А мы всей толпой сначала мерзли больше часа на улице, топтались, ожидая своей колонны, потом кто-то из руководителей этой похабели - «демонстрации - как выражения благодарности родному советскому правительству» энергично хрюкнул в электрический рупор: «пятая колонна пошла!». От неожиданности я захохотал в голос! «Пятая колонна»! Oh, mon Dieu! - как катастрофически глупо это прозвучало... Напарник мой по «пятой колонне» даже покосился: не сумасшедший ли ему в сотоварищи попался? Видно, неведом ему второй, испанский смысл реплики про «пятую колонну». Да и командующий этим действом, судя по всему, не отличался начитанностью и сообразительностью, надо же такое брякнуть! А я уже принял сто граммов водки на тот момент. Веселье обуяло, как бывает у глупой обезьяны, сожравшей забродившие фрукты, продекламировал громко: «Над всей совдепией безоблачное небо!» Многие смотрели косо, но некоторые, не особо сообразительные, посмотрели вверх! В небо, откуда валил снег! Ой, бля... смех и грех. Грех смеяться над ними. Может быть, кто-то и понимал, что говорю нечто не совсем советское. Стукнули, конечно. После праздников меня вызвал к себе опер и долго и матерно убеждал меня, что я не должен выражать свою антисоветскую сущность. Я обещал не выражать. Он то знал, конечно, что означает "пятая колонна" и "Над всей Испанией безоблачное небо".

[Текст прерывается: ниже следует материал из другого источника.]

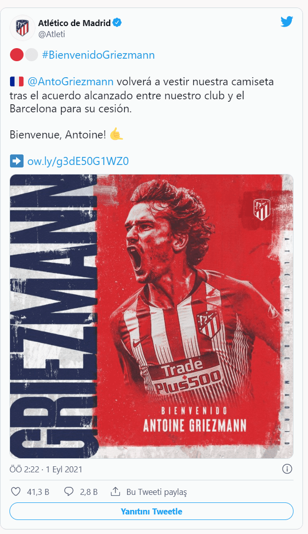 2019 yazında 120 milyon Euro bedelle Barcelona'ya transfer olan Antoine Griezmann, eski takımına geri döndü. Fransız yıldızın 2021-22 sezonunda kiralık olarak Atletico Madrid'e geçeceği ardından satın alma opsiyonu ile transferin biteceği iddia edildi.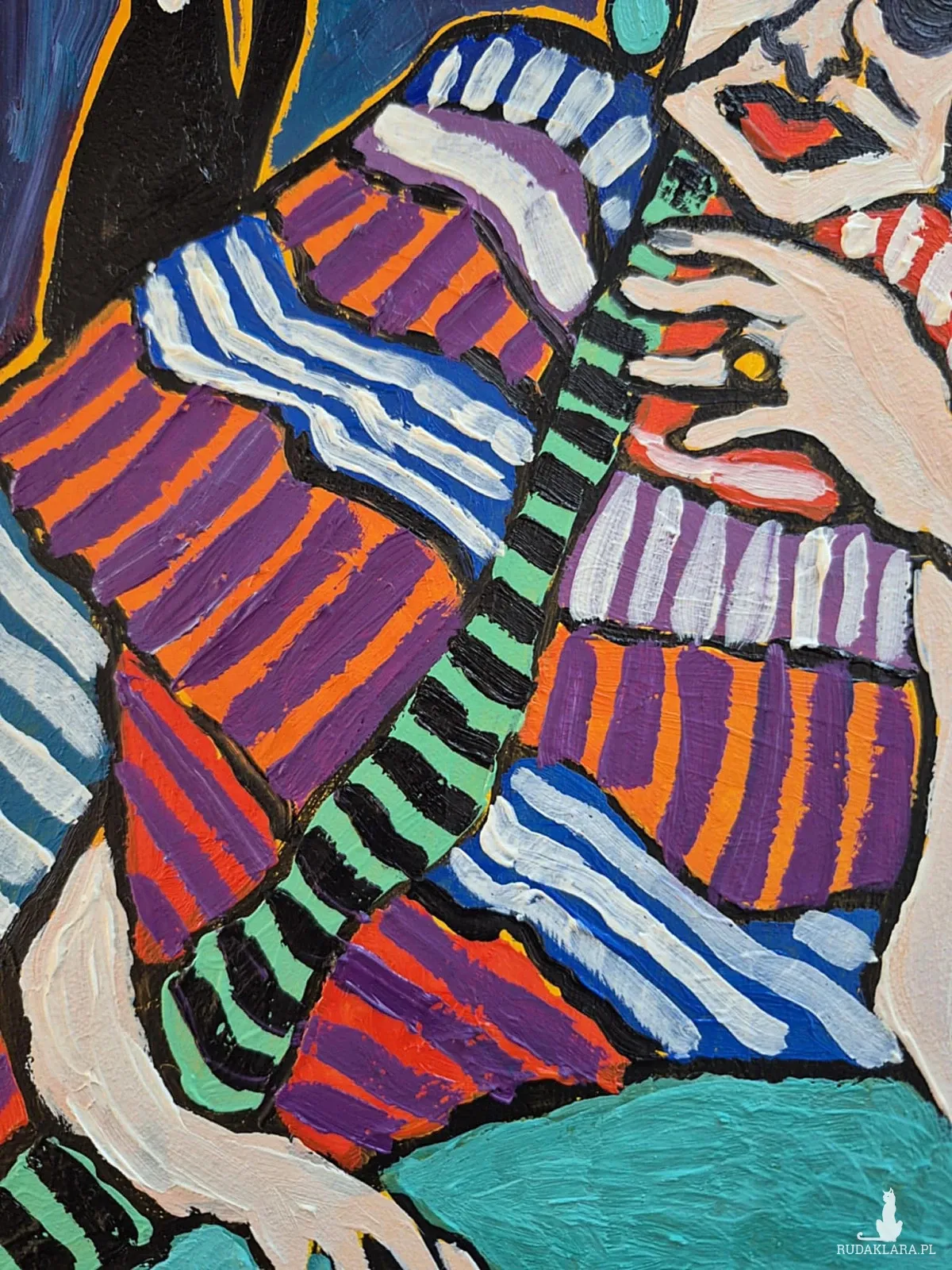 Postać ubrana jest w barwną, pasiastą suknię — rytmiczne pasy czerwieni, fioletu, błękitu, zieleni i bieli pulsują na płótnie, tworząc wrażenie ruchu i miękkości. Faktura farby jest wyraźna, gest pędzla odważny i szczery, co nadaje całości surową autentyczność. Kobieta opiera się o turkusową powierzchnię, jej dłoń wydaje się ciężka od myśli, jakby podtrzymywała nie tylko ciało, ale i nastrój chwili.

На двоих мы с напарником несли транспарант, выражение одобрения партии. Но вот убей: прошло совсем немного времени,неделя, что ли, а не помню текста! Что там было написано? Вот черт его знает! Забыл.
Передо мной шли дети, брат сестрой, погодки, кажется, судя по разговору. Черт его знает почему, но даже у этих детей, которых эти придурки мама с папой взяли с собой на эту "монстрацию", были пьяные глаза. И совсем не обязательно, что дети тоже выпили вина. Нет! Вероятно, пьяное настроение передается.
Давно уже заметил: в стране победившего счастья душа становится пьяной без вина.
Шли в толпе под бравурную музыку, рядом пёрлись орущие песни бараны с одинаково глупыми и чуть перекошенными лицами. в отличие от несомых портретов членов политбюро: гладких, причесанных, «по-отечески» строгих вождей...
Моментально вспомнился Брехт:
Мясник зовет. За ним бараны сдуру
Топочут слепо, за звеном звено,
И те, с кого давно на бойне сняли шкуру,
Идут в строю с живыми заодно.
Это песня про меня. Про меня-я-я... Содрали мою шкуру, я уже мертв, в каком-то глубинном философском смысле, но блею как и все остальное в стаде, цокаю копытами вместе с теми, кто в шкурах. Пока еще в шкурах.
Дураки... они думают, что это их шкуры, а они им не принадлежат. Эта баранья шерсть - собственность администрации страны победившего счастья. Если точнее - кучки выживших из ума маразматиков. А мы, бараны, только носители этой шерсти. Мы ее выращиваем.
Но у нас, у бодрых идиотов, тоже есть своя баранья радость - кто-то сначала разлил в бумажные стаканчики самогон, невесть откуда взявшийся, а уж потом с веселыми прибаутками, по очереди бегали в магазин, за добавкой. Да так там, на холоде стало весело, что потом, придя домой, впал в дикую пьяную тоску. Так поплохело на душе, что даже слезу пустил. Жена смотрела на меня с опаской и недоверием. Ха! Не видела меня таким: я ведь даже на свадьбе своей почти не пил, только пригубил шипучего вина. А вот вчера приполз домой «зело нарытый».
Сара только глянула на меня коротко, чему-то улыбнусь печально и ушла в свою комнату.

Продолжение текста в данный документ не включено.